### GIVEN DATA ###

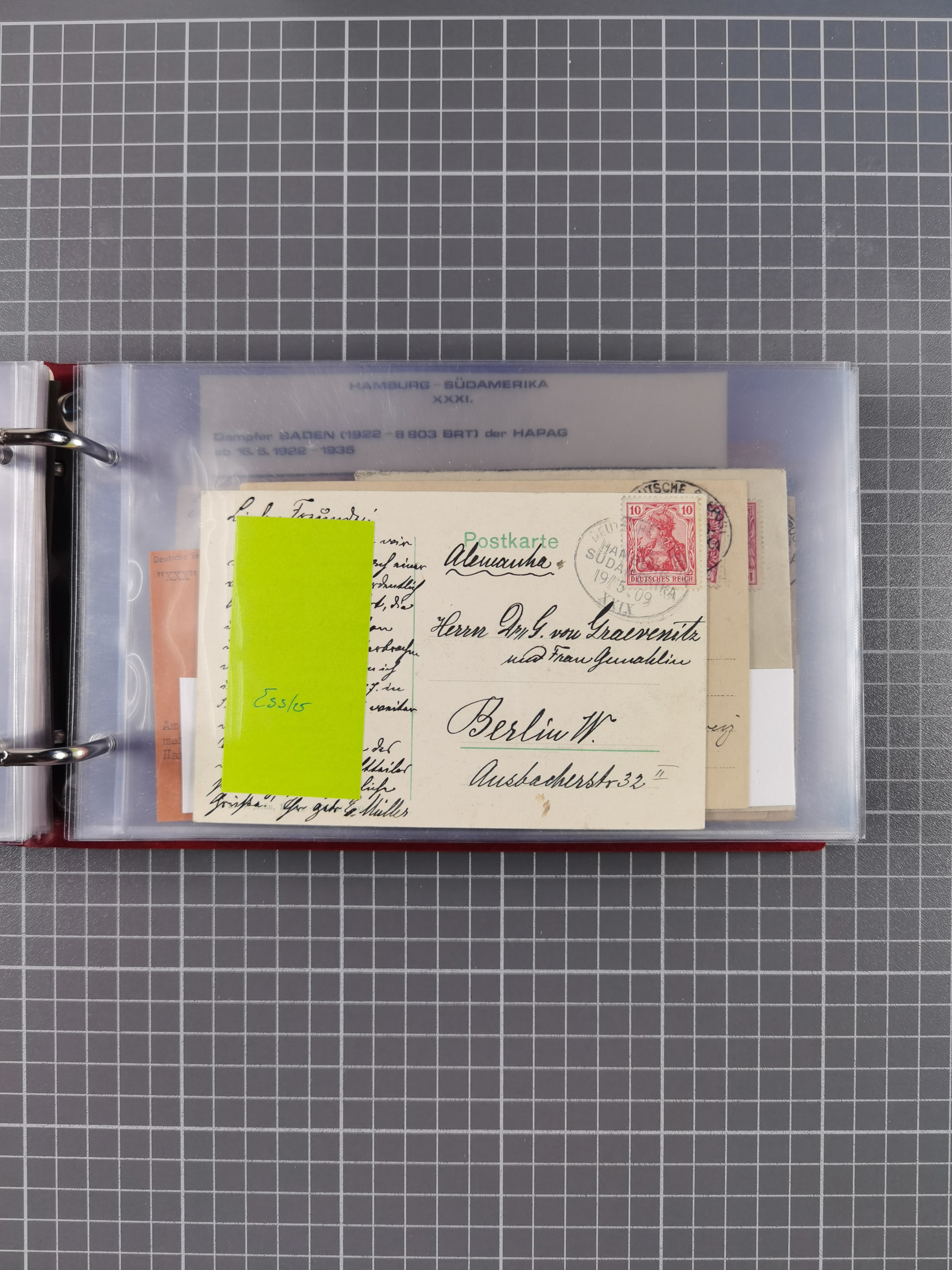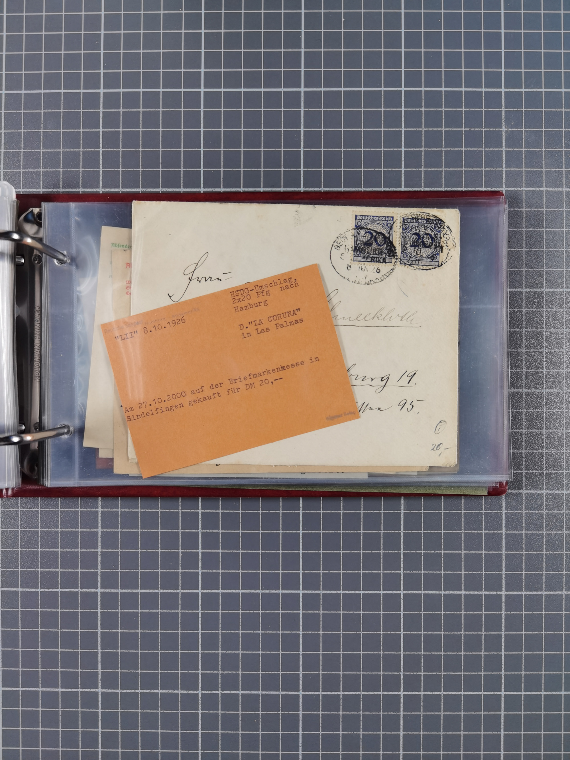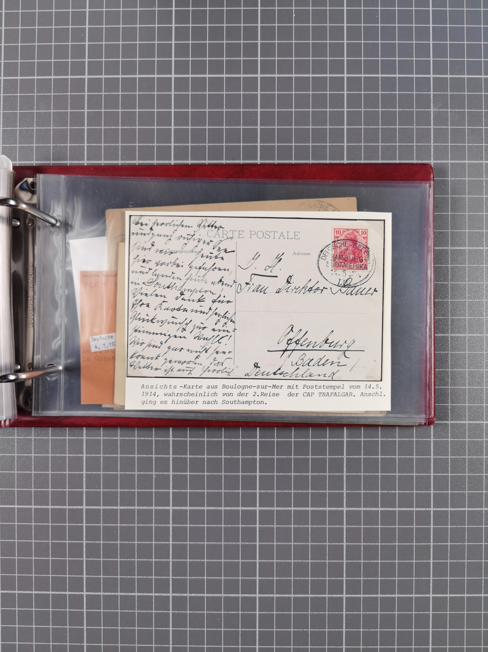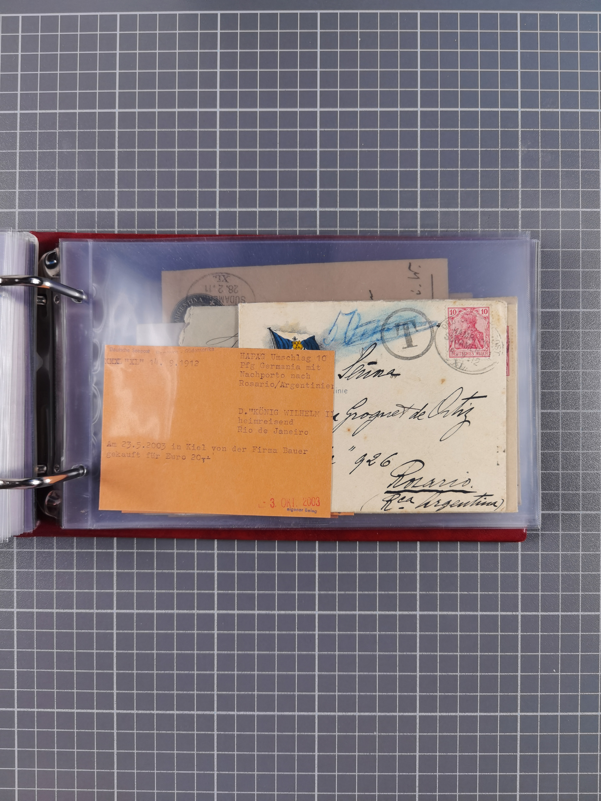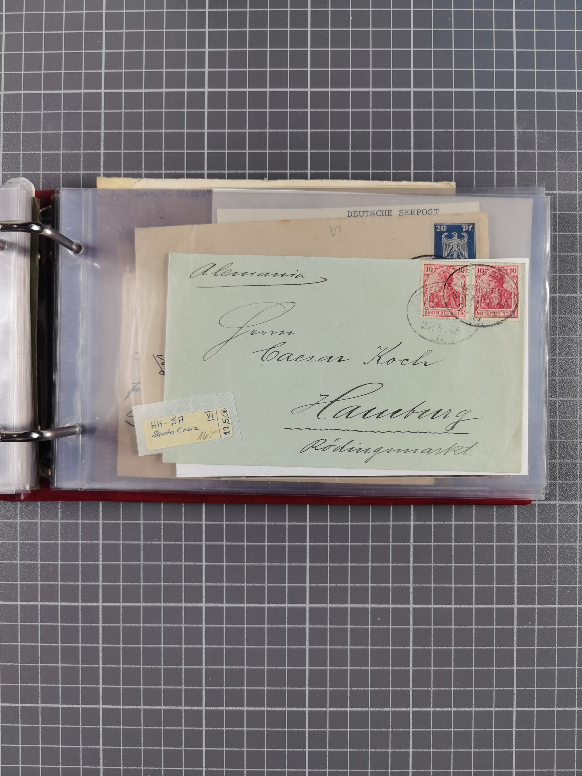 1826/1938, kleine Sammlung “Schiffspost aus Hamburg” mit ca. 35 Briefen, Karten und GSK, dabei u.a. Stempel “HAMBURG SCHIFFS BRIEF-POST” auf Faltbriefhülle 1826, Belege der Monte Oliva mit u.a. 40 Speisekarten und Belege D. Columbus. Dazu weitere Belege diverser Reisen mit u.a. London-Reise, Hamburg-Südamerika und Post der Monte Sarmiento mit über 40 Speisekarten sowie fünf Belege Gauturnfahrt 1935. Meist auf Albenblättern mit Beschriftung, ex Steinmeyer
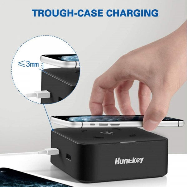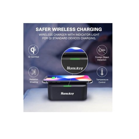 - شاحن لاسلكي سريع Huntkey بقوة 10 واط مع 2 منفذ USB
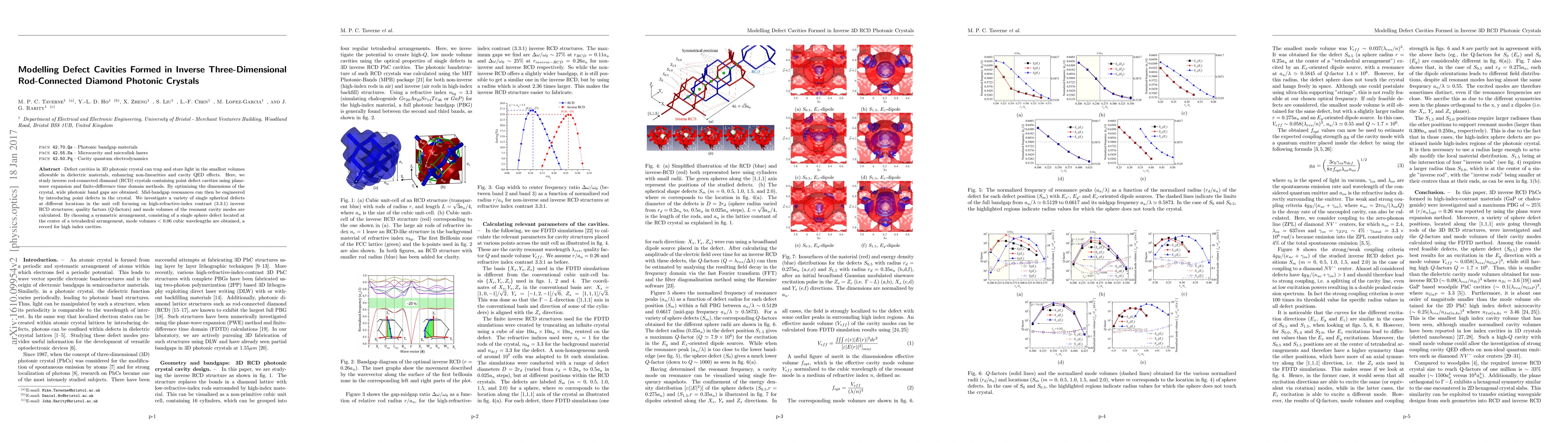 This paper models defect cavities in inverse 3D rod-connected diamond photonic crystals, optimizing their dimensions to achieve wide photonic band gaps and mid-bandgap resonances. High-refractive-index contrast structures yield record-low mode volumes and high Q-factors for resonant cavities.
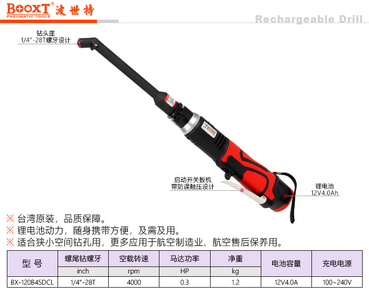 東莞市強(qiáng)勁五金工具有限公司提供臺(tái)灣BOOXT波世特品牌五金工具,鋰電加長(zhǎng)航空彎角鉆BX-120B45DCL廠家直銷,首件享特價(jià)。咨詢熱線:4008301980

###
### GIVEN DATA ###

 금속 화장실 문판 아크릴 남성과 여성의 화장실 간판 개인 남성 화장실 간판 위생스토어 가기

###
### GIVEN DATA ###

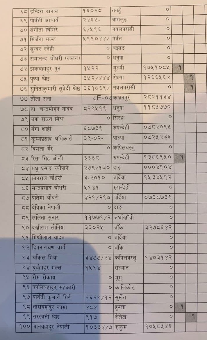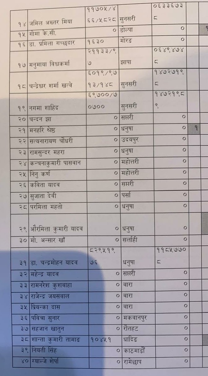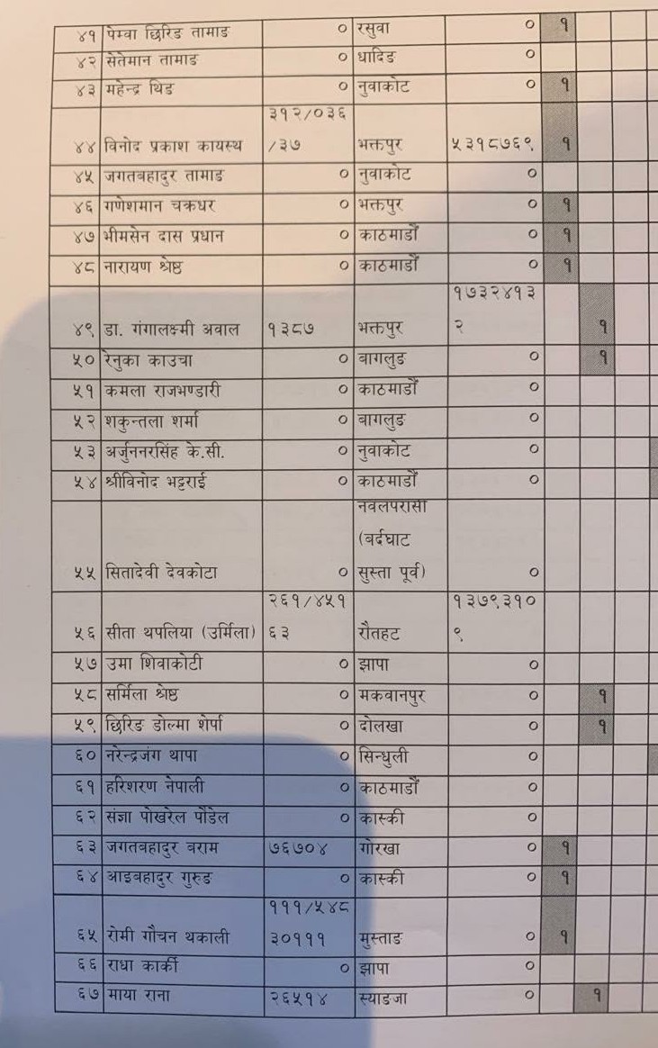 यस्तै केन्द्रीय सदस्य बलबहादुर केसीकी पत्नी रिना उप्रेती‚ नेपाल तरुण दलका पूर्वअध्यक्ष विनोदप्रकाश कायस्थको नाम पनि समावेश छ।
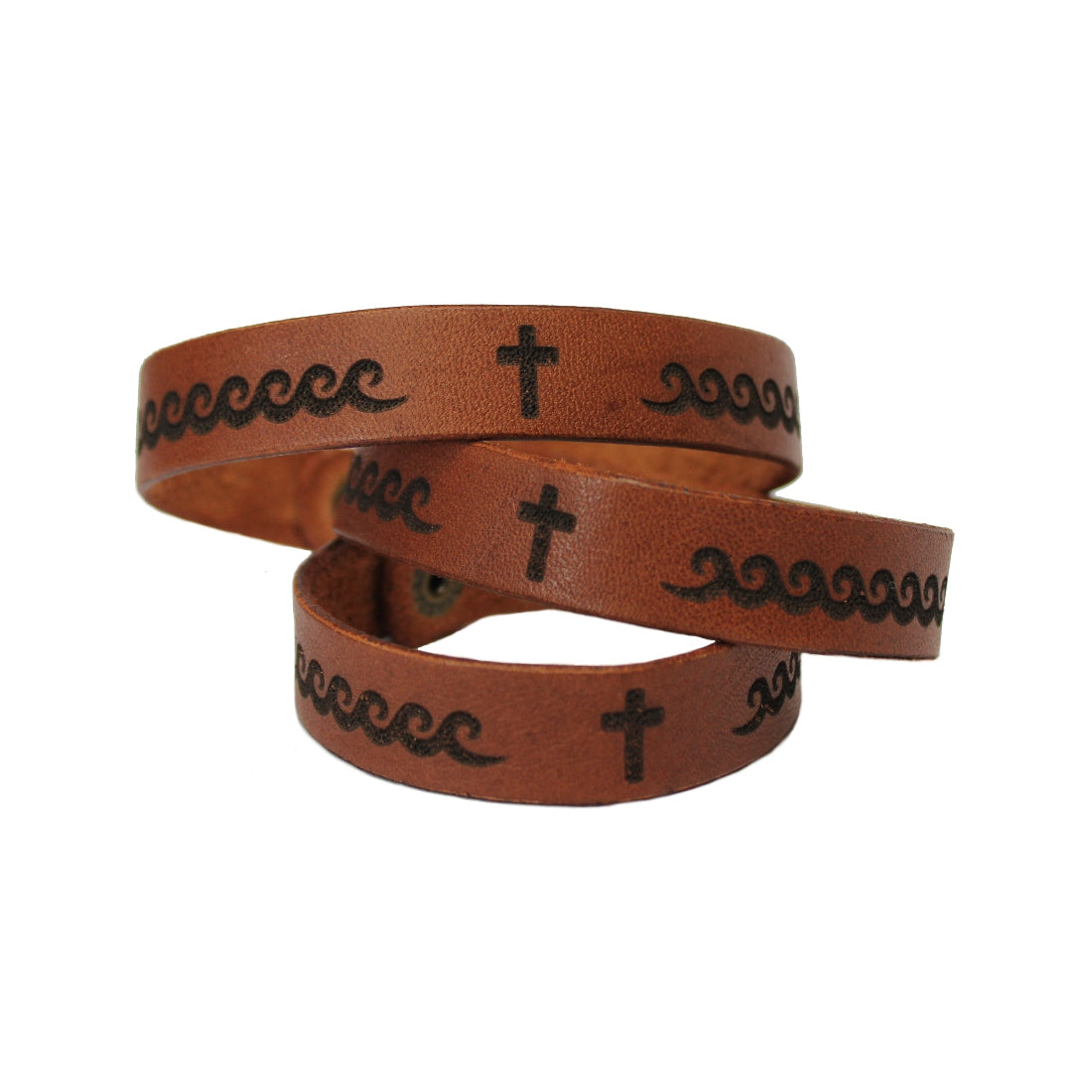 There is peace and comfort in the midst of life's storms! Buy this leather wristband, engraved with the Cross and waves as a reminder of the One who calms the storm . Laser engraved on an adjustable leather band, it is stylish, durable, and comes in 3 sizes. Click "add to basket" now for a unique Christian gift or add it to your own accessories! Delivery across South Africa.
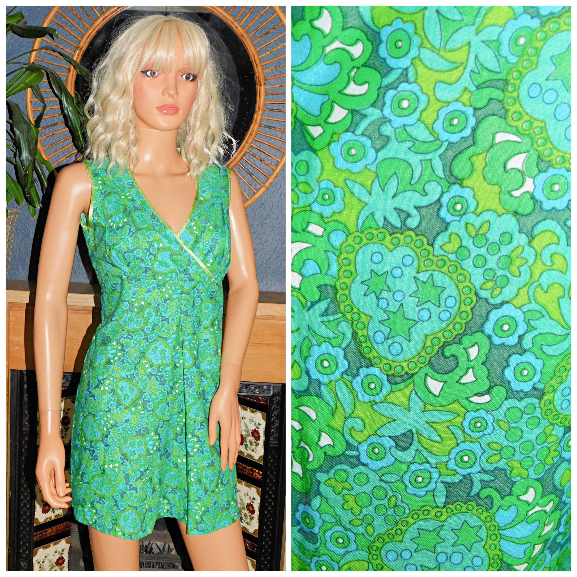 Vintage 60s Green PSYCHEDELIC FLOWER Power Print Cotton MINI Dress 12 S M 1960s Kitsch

###

▶ [WHAT YOU NEED TO DO] Only the lines between the one with "There is peace" and the one with "Vintage 60s Green", those two included, get copied from the material above. Keep it exact and free of pictures.

▶ [REPLY]
 There is peace and comfort in the midst of life's storms! Buy this leather wristband, engraved with the Cross and waves as a reminder of the One who calms the storm . Laser engraved on an adjustable leather band, it is stylish, durable, and comes in 3 sizes. Click "add to basket" now for a unique Christian gift or add it to your own accessories! Delivery across South Africa.
 Vintage 60s Green PSYCHEDELIC FLOWER Power Print Cotton MINI Dress 12 S M 1960s Kitsch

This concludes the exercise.